Amanda blinked, and slowly straightened. “Several of his people—by extension, my people—had been murdered by Mikhail the Bear. An issue which I tried to raise before this body, and was ignored.”
She glared around the room, and everyone went completely and utterly still, as still as only vampires could be. “I sent emails. I made phone calls. I did everything but send smoke signals. And no one considered stopping his expansion.”
After a moment, Jennifer Bosley cleared her throat. “Mikhail the Bear is an international authority, and is not bound to our local jurisdiction.”
“Da,” Amanda said courteously. “That is another way of saying that you were all too terrified to do anything about him when he was rampa
ging over all of our territories.”
Jennifer leaned forward, her dark brown eyes nearly black in the light. “Oh? And why are you using the past tense, young lady?”
Amanda cleared her throat. “Because last week, Mikhail the Bear was assassinated in Greenpoint, on the doorstep of Marco Catalano.”
The grave-like quality of the room exploded into a cacophony of ranting. There were expressions of disbelief, objections that Amanda was even still alive, and one thing above all that Amanda found most interesting…
There was an undercurrent of fear. Every vampire in that room was afraid. The President was the one who hid her fear the best.
“Mikhail was dangerous to all of us,” Amanda said, her voice rising above the din. She maintained eye contact with President Bosley. “He brought Vatican ninjas to our area. Where were you—all of you—when he was riding roughshod over Greenpoint? And Howard Beach? And Bensonhurst? And Maspeth, Queens? He killed FBI agents, MI-6 intelligence officers, and mafiosi, attracting attention that none of us want. Through all that time, this body did nothing. Not one thing.”
Jennifer Bosley rapped the gavel so hard, the crack sounded through the hall like a gunshot. “That aside, what does that have to do with the unwarranted attack on The Platelet?”
“Unwarranted?” Amanda asked. “Marco’s territory—my territory—had been invaded, and constantly under siege. Marco attacked any large gathering of less than savory vampires that might be in contact with Mikhail and his people.”
Lynch the bar owner stood. “I can vouch for that.

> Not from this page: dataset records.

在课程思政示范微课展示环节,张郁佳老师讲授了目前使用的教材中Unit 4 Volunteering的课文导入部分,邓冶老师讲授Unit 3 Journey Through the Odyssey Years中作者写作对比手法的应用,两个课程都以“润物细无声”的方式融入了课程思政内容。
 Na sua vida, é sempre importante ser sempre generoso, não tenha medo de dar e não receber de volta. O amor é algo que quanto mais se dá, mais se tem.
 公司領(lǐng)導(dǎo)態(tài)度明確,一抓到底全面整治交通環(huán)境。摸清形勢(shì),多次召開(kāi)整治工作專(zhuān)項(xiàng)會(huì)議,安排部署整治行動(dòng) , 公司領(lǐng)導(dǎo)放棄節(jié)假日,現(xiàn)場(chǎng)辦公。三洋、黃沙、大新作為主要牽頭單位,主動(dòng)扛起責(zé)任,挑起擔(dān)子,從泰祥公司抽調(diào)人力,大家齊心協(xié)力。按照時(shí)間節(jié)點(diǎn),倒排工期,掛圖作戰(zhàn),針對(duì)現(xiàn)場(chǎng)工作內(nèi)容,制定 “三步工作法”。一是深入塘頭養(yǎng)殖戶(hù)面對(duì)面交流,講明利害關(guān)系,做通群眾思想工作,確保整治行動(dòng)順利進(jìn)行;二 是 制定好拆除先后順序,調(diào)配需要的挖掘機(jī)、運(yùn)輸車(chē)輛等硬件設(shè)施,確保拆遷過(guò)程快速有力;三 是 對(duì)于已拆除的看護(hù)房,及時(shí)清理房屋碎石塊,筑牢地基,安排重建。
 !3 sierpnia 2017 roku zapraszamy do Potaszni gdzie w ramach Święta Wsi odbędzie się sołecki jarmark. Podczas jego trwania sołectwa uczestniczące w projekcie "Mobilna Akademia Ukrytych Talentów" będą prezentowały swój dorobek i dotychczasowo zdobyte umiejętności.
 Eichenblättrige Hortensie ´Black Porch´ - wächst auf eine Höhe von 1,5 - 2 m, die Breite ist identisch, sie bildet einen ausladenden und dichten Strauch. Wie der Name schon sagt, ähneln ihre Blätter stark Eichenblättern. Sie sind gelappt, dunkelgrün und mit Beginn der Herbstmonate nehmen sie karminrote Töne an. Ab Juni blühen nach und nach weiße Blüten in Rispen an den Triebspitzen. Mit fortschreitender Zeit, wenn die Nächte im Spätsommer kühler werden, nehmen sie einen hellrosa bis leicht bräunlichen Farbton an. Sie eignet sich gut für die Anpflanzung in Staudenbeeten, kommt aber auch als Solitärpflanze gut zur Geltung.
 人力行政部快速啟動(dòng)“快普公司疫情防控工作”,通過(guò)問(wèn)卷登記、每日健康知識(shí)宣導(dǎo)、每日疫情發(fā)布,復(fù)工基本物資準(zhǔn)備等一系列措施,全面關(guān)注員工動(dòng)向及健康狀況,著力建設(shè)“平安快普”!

That was the exact question I had been asked by her pet human.”
Kalsey glared from his seat. “And you gave him my bar?”
Lynch grinned at him. “Sure, lad, where else would I send him to find unsavory lowlifes?”
Kalsey smirked. “There are some places in the Village I could name.”
“Hey!” barked the male crossdresser from earlier. “What’s that supposed to mean?”
Jennifer Bosley rapped the gavel again. “One more outburst, and I am clearing the hall.” She looked to Amanda. “You claim that the human Catalano acted in self-defense.” She looked to Kalsey. “Were you approached by Mikhail the Bear at any time?”